Comment 3 Ian 'Hixie' Hickson 2011-02-15 02:07:51 UTC
When I wrote this, my assumption was that (globalscope).onerror was the way to catch a local error, and then you might propagate it, in the case of workers, to the parent.

What you describe is a different model, where there's no way to catch a local error separate from a child's error, and that (globalscope).onerror is a generic mechanism for catching any error.

I can see value in both. I'm not sure which is most useful, off hand. One advantage of the first model is that you can implement either model using it, whereas with the second model you can't catch local errors. (To implement the second model, you just wrap the creation of a worker in a method that adds the onerror handler and runs the same one as for the global scope which catches local errors.)

What do implementations do so far?
Comment 4 Jonas Sicking (Not reading bugmail) 2011-02-26 01:08:49 UTC
(In reply to comment #3)
> When I wrote this, my assumption was that (globalscope).onerror was the way to
> catch a local error, and then you might propagate it, in the case of workers,
> to the parent.

How would you propagate it to a parent? Using postMessage and some onmessage machinery on the parent side? I agree that works, but is a fair amount of work. One lesson learned over the years for me is that people are lazy about error handling, so making it easy is a very important goal if we want people to do it.

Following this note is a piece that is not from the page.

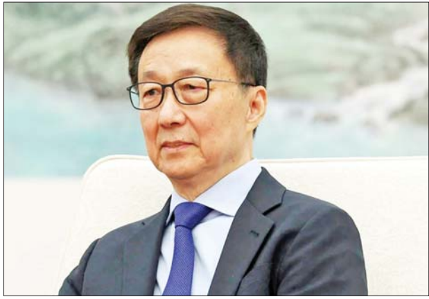
သောဆက်ဆံရေးကို ထူထောင်ရန် ရည်ရွယ်လျက်ရှိကြောင်း လေ့လာသူများက ပြောသည်။

ထရမ်၏ “အမေရိကန်သည်သာ ပထမ” ဟူသည့် မူဝါဒကို လက်ကိုင်ထားသည့် ဒေါ်နယ်ထရမ် ဦးဆောင်မည့် အစိုးရသစ်နှင့် ကုန်သွယ်ရေးဆိုင်ရာ သဘောထားကွဲလွဲမှုများ တိုးမြှင့်လာမည်အပေါ် စိုးရိမ်မှုများ မြင့်တက်လျက်ရှိသည်။ တရုတ်နိုင်ငံသည် အမေရိကန်နှင့် တည်ငြိမ်
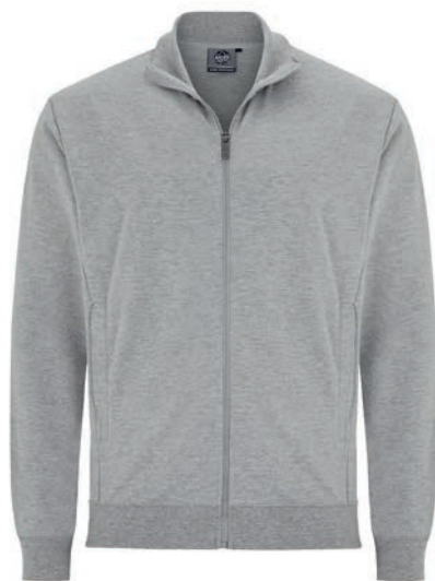
0069 greymelange* 80% baumwolle/20% polyester M - 6XL

> What you describe is a different model, where there's no way to catch a local
> error separate from a child's error, and that (globalscope).onerror is a
> generic mechanism for catching any error.
> 
> I can see value in both. I'm not sure which is most useful, off hand. One
> advantage of the first model is that you can implement either model using it,
> whereas with the second model you can't catch local errors. (To implement the
> second model, you just wrap the creation of a worker in a method that adds the
> onerror handler and runs the same one as for the global scope which catches
> local errors.)

That is not true. If you want to catch only local errors you can add a onerror handler to all created workers which calls .preventDefault on the error event.

As far as I can see both models support both behaviors, it's just a question of which is the default behavior.

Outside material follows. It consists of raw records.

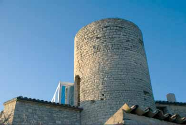
14. Detall de la porta d'accés del castell de Mejanell (Malacara, Estaràs)

senyorial destaquem la torre dels castells de Florejacs (Torrefeta i Florejacs), les Sitges (Torrefeta i Florejacs), Fonolleres (Granyanella), Curullada (Granyanella) i Malgrat (Cervera), etc., totes elles de planta quadrada i bastides amb carreus de pedra.
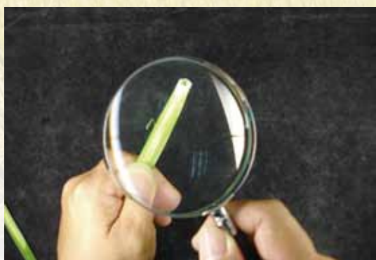
圖十七、修切完成之稻稈，以放大鏡觀看幼穗情形。
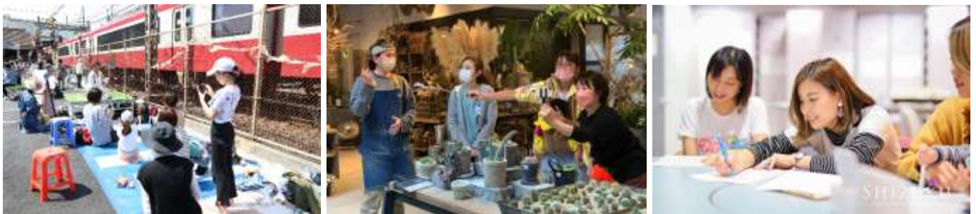
子育て応援ネットワーク活動イメージ

京急グループおよび㈱わたしたちは、今後も「COCOON Project」の拠点などを活用した地域活動やネットワーク強化を通じて、地域の課題に応じた子育て応援を進め、持続的な沿線地域の構築に取り組んでまいります。詳細は別紙のとおりです。
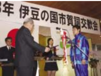
市長から表彰される受賞者ら

式典では、昨年、市の振興に寄与した団体・個人を表彰(受賞者名と表彰事由は下表のとおり)。また、市長は出席者への新年のあいさつで、平成十八年度は、安心・安全・安定したまちづくりを目指し、教育・子育て支援、福祉・保健の充実、地域産業の

(Also, I'd argue that in the model suggested in comment 0, it's easier to get "only local errors", compared to the amount of work required under the current spec model to get "all errors")

> What do implementations do so far?

Gecko does what comment 0 suggests.

I'm not sure what webkit supports. It doesn't have window.onerror at all, so not sure if it has onerror in worker global scopes.
Comment 5 Ian 'Hixie' Hickson 2011-06-21 21:18:58 UTC
> That is not true. If you want to catch only local errors you can add a onerror
> handler to all created workers which calls .preventDefault on the error event.

That's a good point.

Ok, I've done what comment 0 suggests.

If comment 1 is still an issue please catch me on IRC or file another bug. I'm happy to make the spec have whatever hooks are useful for other specs, but it's hard to know exactly what other specs need without a concrete case in mind.
Comment 6 contributor 2011-06-21 21:21:02 UTC
Checked in as WHATWG revision r6263.
Check-in comment: Make worker errors propagate all the way up to the Document, hitting the global scope .onerror each step of the way. This isn't a great way to specify it but I couldn't work out a cleaner way that didn't involve major (potentially risky) surgery and inventing new terms. If it turns out that there are other things that'd need the parent/child infrastructure to be better defined I'll do it then.